Die Segmentierung und Prekarisierung der lohnabhängigen Klasse ist dabei nicht allein Ergebnis objektiver ökonomischer Entwicklungen, sondern auch der vergangenen Klassenauseinandersetzungen, der Versäumnisse und des Versagens von Gewerkschaftsführungen in diesen Kämpfen. Ihr früheres subjektives Handeln ist zu einem Teil der objektiven Gegebenheiten geworden, die wir heute vorfinden.

Die Arbeiterklasse ist heute großen Angriffen der Unternehmer ausgesetzt.
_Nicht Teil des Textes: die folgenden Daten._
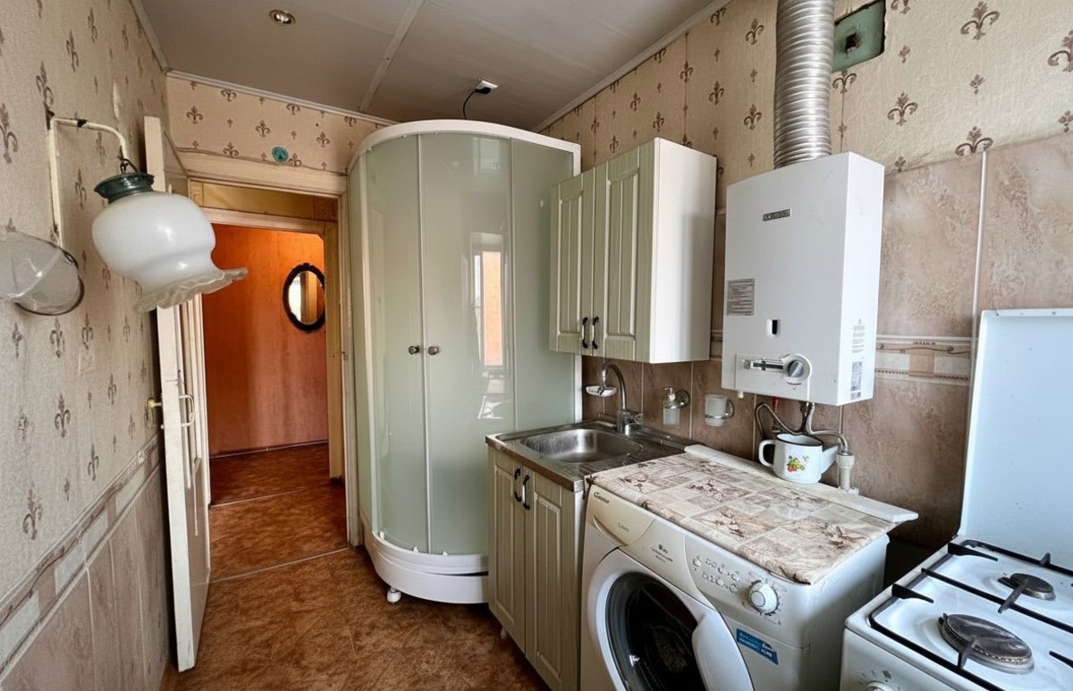 Комната 16.3 кв. м, кухня 5.4 кв.м, санузел совмещен, душевая кабина на кухне. Квартира теплая, светлая, требуется косметический ремонт. Поменяны окна, радиаторы, входная металлическая дверь.

Was sich hinter den modischen Begriffen ”Neoliberalismus” und ”Globalisierung” verbirgt, ist in der Substanz eine knallharte Unternehmeroffensive mit zwei grundsätzlichen Zielsetzungen: erstens sollen die Löhne generell gesenkt werden, und zweitens sollen die allgemeinen Standortbedingungen des Kapitals im eigenen Land in Bezug zum weltweiten Konkurrenzkampf verbessert werden, einschließlich aller militärischer Optionen.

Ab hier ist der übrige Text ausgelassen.